● **What to work on**:
Keep to one stretch of the data below, the lines from the one with "Город Кудымкар присоединился" up to and including the one with "מצורפת תמונת מצב הטמפרטורות להלילה", and return that stretch exactly.

● **Exercise inputs**:
——
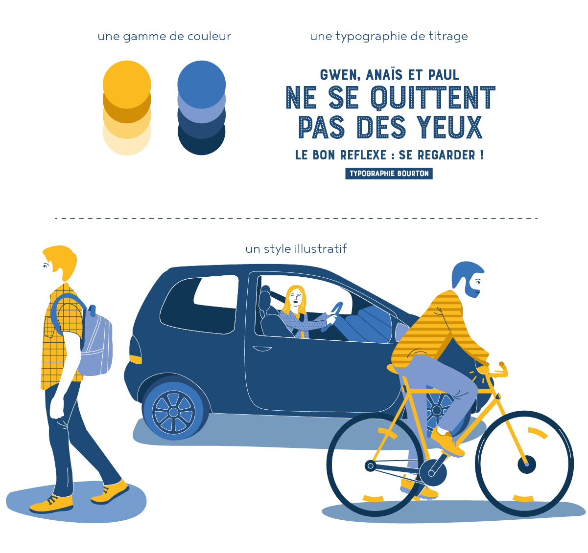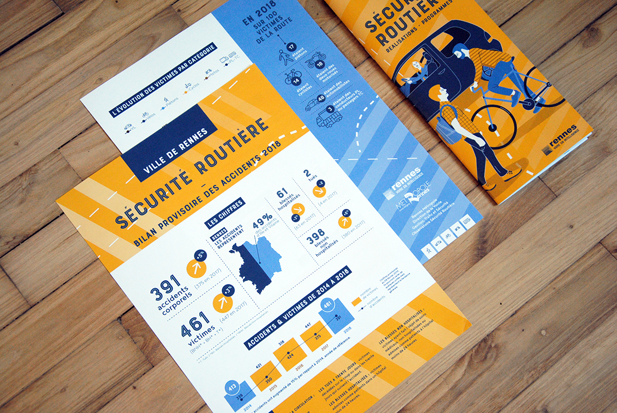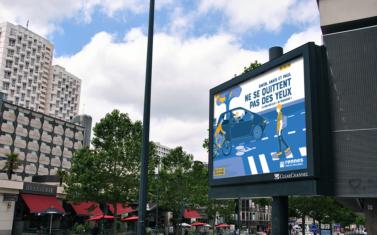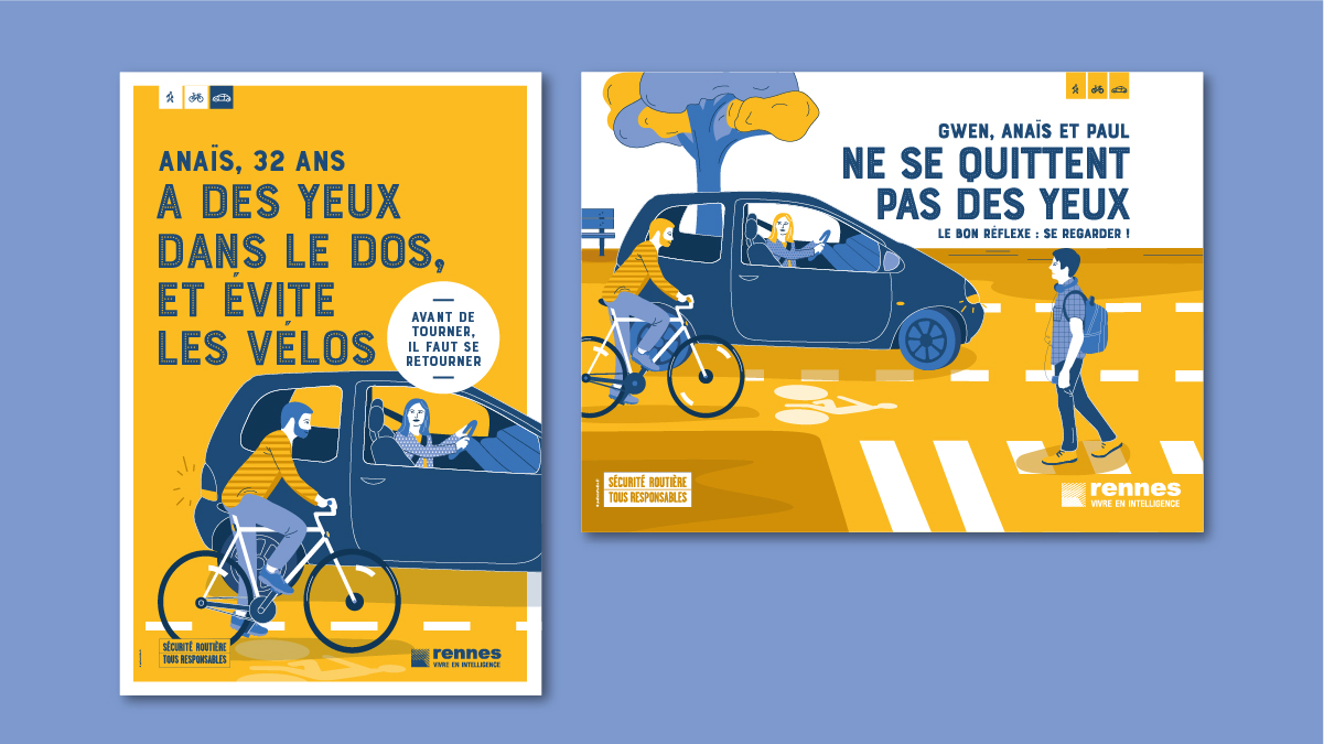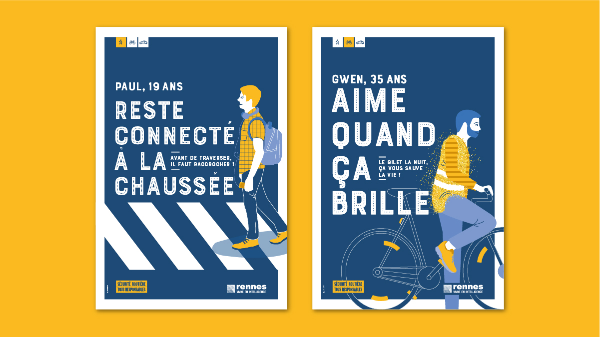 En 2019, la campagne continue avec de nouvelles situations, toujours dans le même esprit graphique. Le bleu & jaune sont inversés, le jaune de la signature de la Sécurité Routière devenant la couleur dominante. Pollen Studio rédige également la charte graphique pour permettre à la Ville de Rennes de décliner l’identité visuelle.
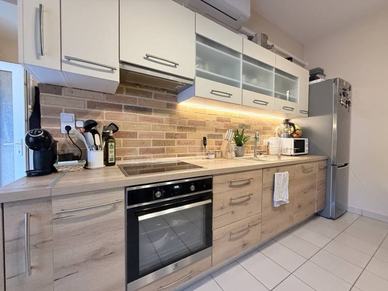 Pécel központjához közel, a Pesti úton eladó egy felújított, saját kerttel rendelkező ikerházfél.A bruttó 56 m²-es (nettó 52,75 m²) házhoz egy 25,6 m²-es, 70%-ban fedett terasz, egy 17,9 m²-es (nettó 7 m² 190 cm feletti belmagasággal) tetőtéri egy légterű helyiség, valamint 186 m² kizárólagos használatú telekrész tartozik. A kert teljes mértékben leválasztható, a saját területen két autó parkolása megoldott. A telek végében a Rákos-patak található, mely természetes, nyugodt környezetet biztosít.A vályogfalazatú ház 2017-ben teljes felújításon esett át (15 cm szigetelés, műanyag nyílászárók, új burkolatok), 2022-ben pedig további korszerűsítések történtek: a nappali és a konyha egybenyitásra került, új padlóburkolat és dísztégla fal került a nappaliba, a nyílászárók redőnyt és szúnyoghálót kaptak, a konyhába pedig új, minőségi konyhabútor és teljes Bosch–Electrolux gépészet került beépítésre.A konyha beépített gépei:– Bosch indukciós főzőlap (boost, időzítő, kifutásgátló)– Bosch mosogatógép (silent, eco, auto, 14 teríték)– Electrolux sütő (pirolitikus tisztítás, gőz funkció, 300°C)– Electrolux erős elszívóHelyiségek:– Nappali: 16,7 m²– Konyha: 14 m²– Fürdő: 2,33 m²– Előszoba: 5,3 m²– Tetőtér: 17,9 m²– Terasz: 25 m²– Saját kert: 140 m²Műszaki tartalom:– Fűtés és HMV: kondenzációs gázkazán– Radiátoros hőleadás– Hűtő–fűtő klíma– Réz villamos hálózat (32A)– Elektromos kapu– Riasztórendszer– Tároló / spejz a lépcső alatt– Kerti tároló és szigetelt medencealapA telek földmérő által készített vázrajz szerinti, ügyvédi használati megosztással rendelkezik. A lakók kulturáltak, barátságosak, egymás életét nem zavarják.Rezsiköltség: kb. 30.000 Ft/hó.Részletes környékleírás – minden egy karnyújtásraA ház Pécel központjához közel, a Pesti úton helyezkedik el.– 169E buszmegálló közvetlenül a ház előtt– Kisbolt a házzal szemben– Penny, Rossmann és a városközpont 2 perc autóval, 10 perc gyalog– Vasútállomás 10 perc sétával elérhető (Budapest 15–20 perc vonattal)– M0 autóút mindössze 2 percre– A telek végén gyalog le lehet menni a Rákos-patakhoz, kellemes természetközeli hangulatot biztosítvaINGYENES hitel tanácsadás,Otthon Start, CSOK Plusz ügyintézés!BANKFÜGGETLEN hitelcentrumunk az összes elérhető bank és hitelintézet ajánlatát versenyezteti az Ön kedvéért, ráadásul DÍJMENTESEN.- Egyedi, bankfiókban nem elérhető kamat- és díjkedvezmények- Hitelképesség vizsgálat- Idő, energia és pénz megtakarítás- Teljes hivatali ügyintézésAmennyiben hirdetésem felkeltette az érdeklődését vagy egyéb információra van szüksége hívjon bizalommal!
——
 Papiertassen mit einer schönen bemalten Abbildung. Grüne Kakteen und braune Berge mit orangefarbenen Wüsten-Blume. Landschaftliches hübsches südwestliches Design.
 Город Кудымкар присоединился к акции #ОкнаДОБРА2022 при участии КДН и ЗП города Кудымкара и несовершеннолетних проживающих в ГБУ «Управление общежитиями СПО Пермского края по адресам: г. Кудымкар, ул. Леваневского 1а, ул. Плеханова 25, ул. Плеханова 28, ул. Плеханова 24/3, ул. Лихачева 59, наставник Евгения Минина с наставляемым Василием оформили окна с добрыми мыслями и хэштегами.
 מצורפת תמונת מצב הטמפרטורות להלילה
——
● **Response area**:
 Город Кудымкар присоединился к акции #ОкнаДОБРА2022 при участии КДН и ЗП города Кудымкара и несовершеннолетних проживающих в ГБУ «Управление общежитиями СПО Пермского края по адресам: г. Кудымкар, ул. Леваневского 1а, ул. Плеханова 25, ул. Плеханова 28, ул. Плеханова 24/3, ул. Лихачева 59, наставник Евгения Минина с наставляемым Василием оформили окна с добрыми мыслями и хэштегами.
 מצורפת תמונת מצב הטמפרטורות להלילה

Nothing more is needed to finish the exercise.